Tom Cook Tue, 03 Oct 2000 23:16:53 -0700
Before we return to the fray, let me point out that my signature is
misleading.  My boss gave me the title of 'software engineer', so I
use it.  In reality my only qualifications are electrical, and
currently I am in software operations.  This, clearly, does not
qualify me as an expert in this field, so take what I say as my
opinion, often me thinking out loud.  I also am ready to be convinced,
but I am not ready to accept a position blindly.  Perhaps this makes
this the wrong forum for this discussion; if so, someone'll probably
let us know soon enough with a (metaphorical) well aimed brick.

[EMAIL PROTECTED] writes:
 > On Oct 4, Tom Cook quoth:
[snip]
 > I found this to be so
 > full of assumptions I felt it necessary to point out just how many of
 > these assumptions would have to be true in order for this to be the case.

Fair.

 > > It just seems to me (and I am no expert in the field) that it makes
 > > sense to have your database tightly linked to the key generator for
 > > that database. 
 > 
 > Your assertion here (and correct me if this isn't what the above sentence
 > says), databases & their key generators should be tightly linked.

Yes.

 > I'm
 > interpreting this to mean "makes sense to have your [EJBs] tightly linked
 > to the key generator for [the] database [they are stored in]".

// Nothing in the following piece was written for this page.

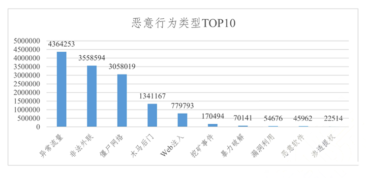 1.惡意網(wǎng)絡(luò)行為呈現(xiàn)增長(zhǎng)態(tài)勢(shì),非法外聯(lián)現(xiàn)象嚴(yán)重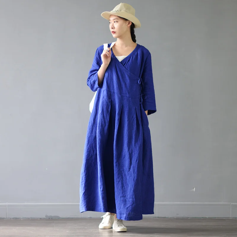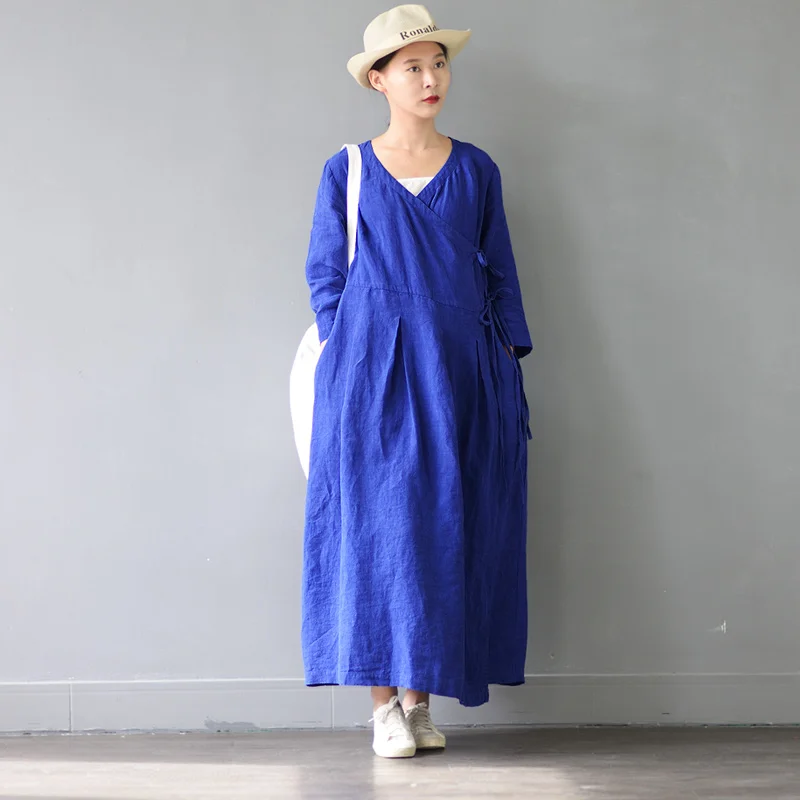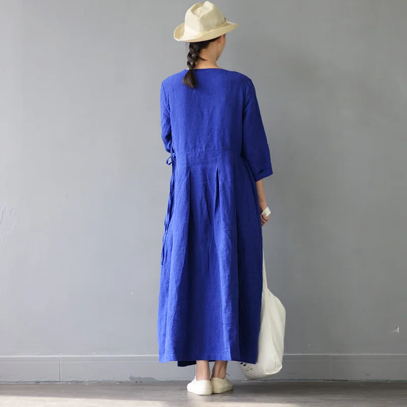 SCUWLINEN Vestidos 2017 Spring Autumn Dresses Solid Vintage V-neck Three Quarter Long Linen Dress Women Casual Sexy Robe S303

Not quite.  While I am ready to support databases and key generators
being linked, I am not ready to break encapsulation in quite this
way.  EJBs should not be dependant on the _implementation_ of a key
generator, only it's interface.  I am merely advocating the use of a
database-generated key as a good implementation.  This does, of
course, mean that no entity beans can be created if the database goes
down, but the database going down will cause other problems which will
manifest themselves before this one.  And if your database is in a
clustered configuration and fails over, the sequence (or whatever)
used for key generation goes with it.

[snip agreement on databases being behind EJBs]
 > > Of course
 > > having one database generate keys for another is not sensible since,
 > > as you point out, if your key generator goes down then your other
 > > databases are stuffed. 
 > 
 > Agreed, however your Container is the transaction engine and therefore
 > ultimately responsible for the behavior of both.  Recall that your
 > proposal was for the database to be the key generator for the container
 > which the beans would call upon for new keys.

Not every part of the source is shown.